Shen Chenling, Chen Jiarui, Wang Ying, Li Xiaoyan
Department of Otolaryngology Head and Neck Surgery,Shanghai Children's Hospital,School of Medicine,Shanghai Jiao Tong University,Shanghai,200062,China.
Lin Chuang Er Bi Yan Hou Tou Jing Wai Ke Za Zhi. 2025 Apr;39(4):344-350. doi: 10.13201/j.issn.2096-7993.2025.04.010.
To explore the clinical manifestations, diagnosis, treatment, pathological types and prognosis of primary cervical neuroblastoma in children. The clinical data of 11 children with primary cervical neuroblastoma admitted to the Department of Otolaryngology and Head and Neck Surgery at Shanghai Children's Hospital from April 2015 to April 2022 were retrospectively analyzed. The clinical characteristics, imaging findings, pathological types, treatment methods, and outcomes of these 11 patients were examined in conjunction with a review of the literature. The cohort of 11 neuroblastoma patients ranged in age from 28 days to 88 months (median age: 24 months), including 3 males and 8 females.

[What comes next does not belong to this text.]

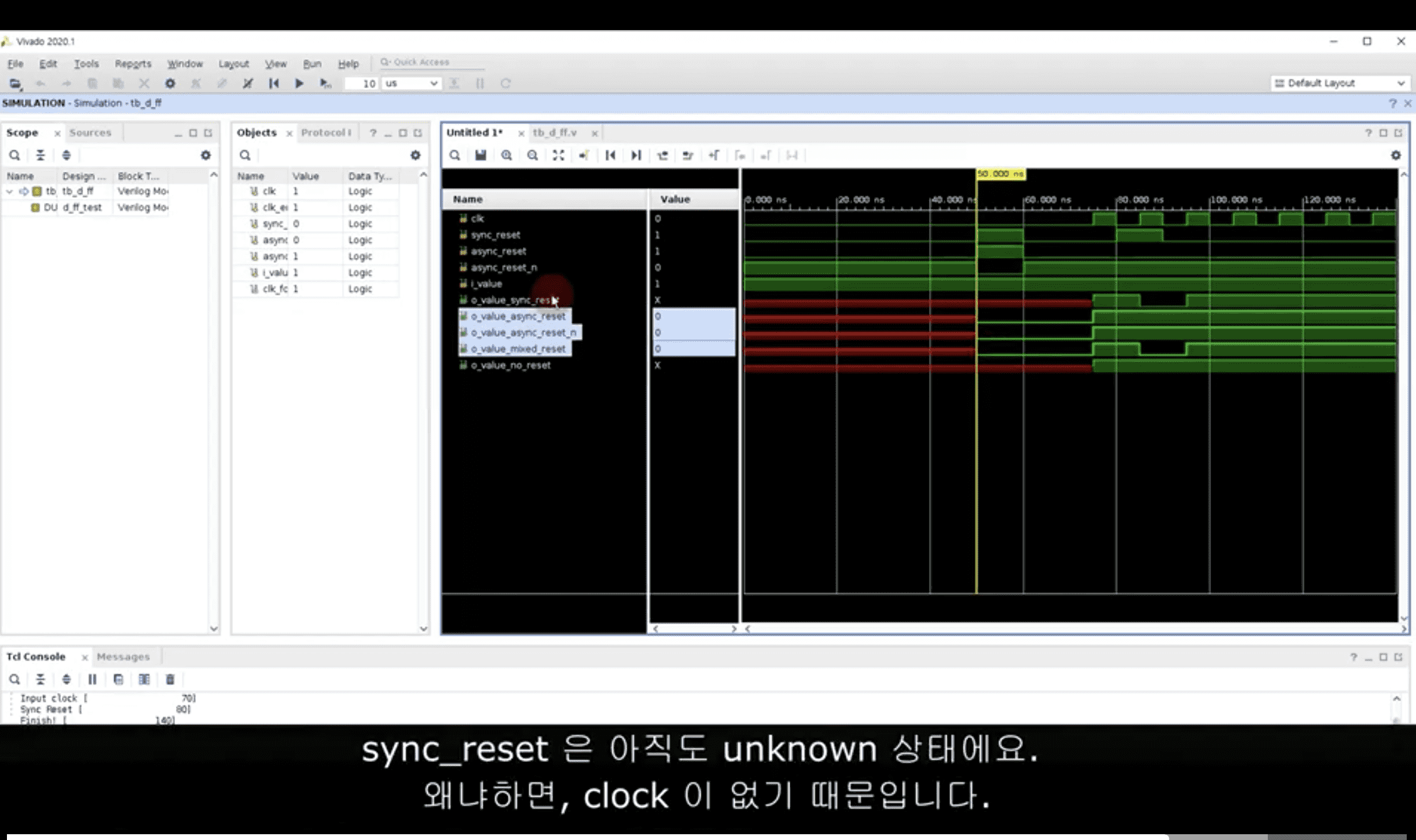 50ns 에서는 sync 와 async, async_n 로 세개에, reset 을 걸었구요. 보시면, clock 이 없기 때문에, async 관련된 d F/F 만 0 으로 초기화 된 것을 확인할 수 있습니다.
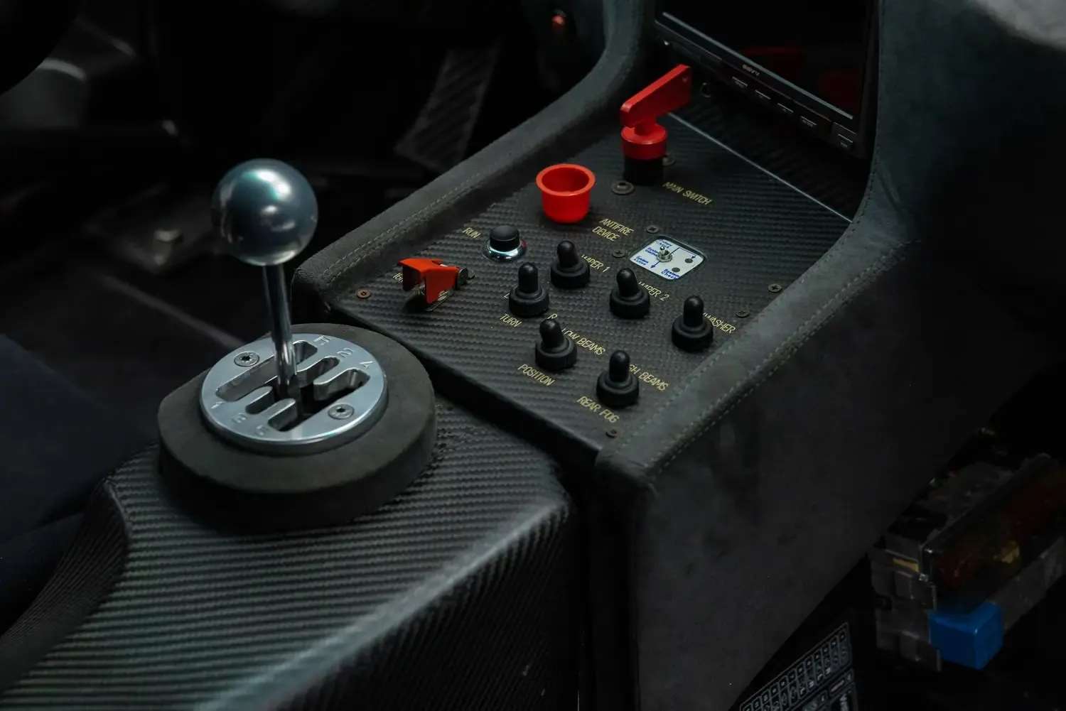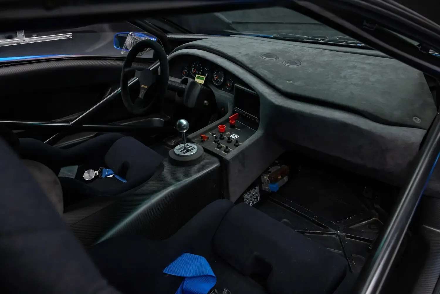 بدلاً من ذلك، ستجد قفص حماية كاملاً (Roll Cage) مطلياً باللون الأسود لحماية السائق، و مقعد سباق واحد من ألياف الكربون مكسو بجلد الشامواه (Alcantara) مع أحزمة أمان سداسية النقاط. لوحة القيادة مبسطة للغاية، حيث تم استبدال العدادات التقليدية بشاشة رقمية للسباقات توفر بيانات حيوية مثل درجة حرارة الزيت، ضغط الوقود، و توقيت الدورات.

Among the 11 patients, 4 had tumors located in the carotid sheath area, 4 in the cervical space, and 3 in the parapharyngeal and retropharyngeal spaces. The clinical manifestations primarily included painless cervical masses and laryngeal stridor. There were 3 cases of primary cervical tumors with cervical lymph node metastasis and 1 case with bone marrow metastasis. Pathological findings revealed neuroblastoma in 8 cases and ganglionic neuroblastoma in 3 cases. In this group, 7 patients underwent surgery combined with chemotherapy, 2 patients received surgery combined with chemoradiotherapy, and 2 patients underwent surgery alone. Surgical resection was performed via a cervical approach in 7 cases, while 3 cases were treated using a transoral endoscopic approach. Additionally, one patient underwent a transoral endoscopic approach initially and a cervical approach subsequently. All patients completed their treatment and were followed up regularly, with follow-up durations ranging from 6 to 79 months (median: 34 months). Nine patients achieved complete remission, 2 patients achieved partial remission, and none experienced disease progression. Primary cervical neuroblastoma exhibits a high degree of heterogeneity and presents at a younger age, primarily with cervical masses. Compared to external approaches, endoscopy-assisted transoral resection of parapharyngeal tumors offers advantages such as reduced damage to surrounding tissue and no visible neck scars, providing a new method for clinical treatment. Regular follow-up is essential for children with neuroblastoma, along with the establishment of specific disease management protocols and comprehensive care to improve survival quality.
探讨儿童原发性颈部神经母细胞瘤的临床表现、诊断、治疗、病理类型及预后。回顾性分析2015年4月至2022年4月在上海儿童医学中心耳鼻咽喉头颈外科收治的11例原发性颈部神经母细胞瘤患儿的临床资料。结合文献复习,对这11例患者的临床特征、影像学表现、病理类型、治疗方法及预后进行分析。11例神经母细胞瘤患者年龄范围为28天至88个月(中位年龄:24个月),其中男性3例,女性8例。11例患者中,4例肿瘤位于颈动脉鞘区,4例位于颈部间隙,3例位于咽旁和咽后间隙。临床表现主要为无痛性颈部肿块和喉喘鸣。3例原发性颈部肿瘤伴有颈部淋巴结转移,1例伴有骨髓转移。病理结果显示,8例为神经母细胞瘤,3例为神经节神经母细胞瘤。该组中,7例患者接受手术联合化疗,2例患者接受手术联合放化疗,2例患者仅接受手术。7例经颈部入路行手术切除,3例采用经口内镜手术治疗。此外,1例患者最初采用经口内镜手术,随后采用颈部入路。所有患者均完成治疗并定期随访,随访时间为6至79个月(中位时间:34个月)。9例患者达到完全缓解,2例患者达到部分缓解,无疾病进展。原发性颈部神经母细胞瘤具有高度异质性,发病年龄较小,主要表现为颈部肿块。与外部入路相比,内镜辅助经口切除咽旁肿瘤具有对周围组织损伤小、颈部无明显瘢痕等优点,为临床治疗提供了新方法。对神经母细胞瘤患儿进行定期随访至关重要,同时应制定特定的疾病管理方案并提供综合护理,以提高生存质量。